**Exercise prompt**
Please copy out the entries below exactly, beginning with the line that contains "Nos équipes proposent" and ending with the line that contains "2850 - أَخْبَرَنَا", and include nothing outside that span.

**Exercise data**
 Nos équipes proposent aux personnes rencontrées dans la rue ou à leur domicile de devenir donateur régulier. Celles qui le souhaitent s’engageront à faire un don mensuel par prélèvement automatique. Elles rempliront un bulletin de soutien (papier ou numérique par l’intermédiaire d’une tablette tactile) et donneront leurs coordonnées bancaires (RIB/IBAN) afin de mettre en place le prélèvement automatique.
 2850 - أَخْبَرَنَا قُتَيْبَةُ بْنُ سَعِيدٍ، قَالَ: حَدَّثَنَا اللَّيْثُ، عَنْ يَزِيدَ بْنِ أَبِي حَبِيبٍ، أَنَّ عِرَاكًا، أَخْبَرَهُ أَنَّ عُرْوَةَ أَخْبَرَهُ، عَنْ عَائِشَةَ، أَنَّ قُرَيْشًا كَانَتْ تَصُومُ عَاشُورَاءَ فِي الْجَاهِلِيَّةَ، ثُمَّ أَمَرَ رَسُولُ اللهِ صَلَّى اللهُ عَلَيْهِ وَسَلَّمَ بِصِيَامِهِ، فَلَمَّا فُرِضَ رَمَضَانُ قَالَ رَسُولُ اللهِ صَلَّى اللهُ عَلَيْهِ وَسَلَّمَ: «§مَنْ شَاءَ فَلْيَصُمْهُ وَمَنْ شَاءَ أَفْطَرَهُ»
==
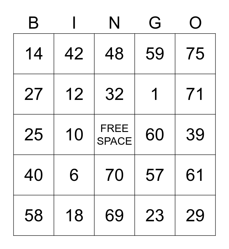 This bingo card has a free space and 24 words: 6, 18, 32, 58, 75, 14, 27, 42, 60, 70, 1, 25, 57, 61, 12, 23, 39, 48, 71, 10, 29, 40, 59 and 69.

**Solution**
 Nos équipes proposent aux personnes rencontrées dans la rue ou à leur domicile de devenir donateur régulier. Celles qui le souhaitent s’engageront à faire un don mensuel par prélèvement automatique. Elles rempliront un bulletin de soutien (papier ou numérique par l’intermédiaire d’une tablette tactile) et donneront leurs coordonnées bancaires (RIB/IBAN) afin de mettre en place le prélèvement automatique.
 2850 - أَخْبَرَنَا قُتَيْبَةُ بْنُ سَعِيدٍ، قَالَ: حَدَّثَنَا اللَّيْثُ، عَنْ يَزِيدَ بْنِ أَبِي حَبِيبٍ، أَنَّ عِرَاكًا، أَخْبَرَهُ أَنَّ عُرْوَةَ أَخْبَرَهُ، عَنْ عَائِشَةَ، أَنَّ قُرَيْشًا كَانَتْ تَصُومُ عَاشُورَاءَ فِي الْجَاهِلِيَّةَ، ثُمَّ أَمَرَ رَسُولُ اللهِ صَلَّى اللهُ عَلَيْهِ وَسَلَّمَ بِصِيَامِهِ، فَلَمَّا فُرِضَ رَمَضَانُ قَالَ رَسُولُ اللهِ صَلَّى اللهُ عَلَيْهِ وَسَلَّمَ: «§مَنْ شَاءَ فَلْيَصُمْهُ وَمَنْ شَاءَ أَفْطَرَهُ»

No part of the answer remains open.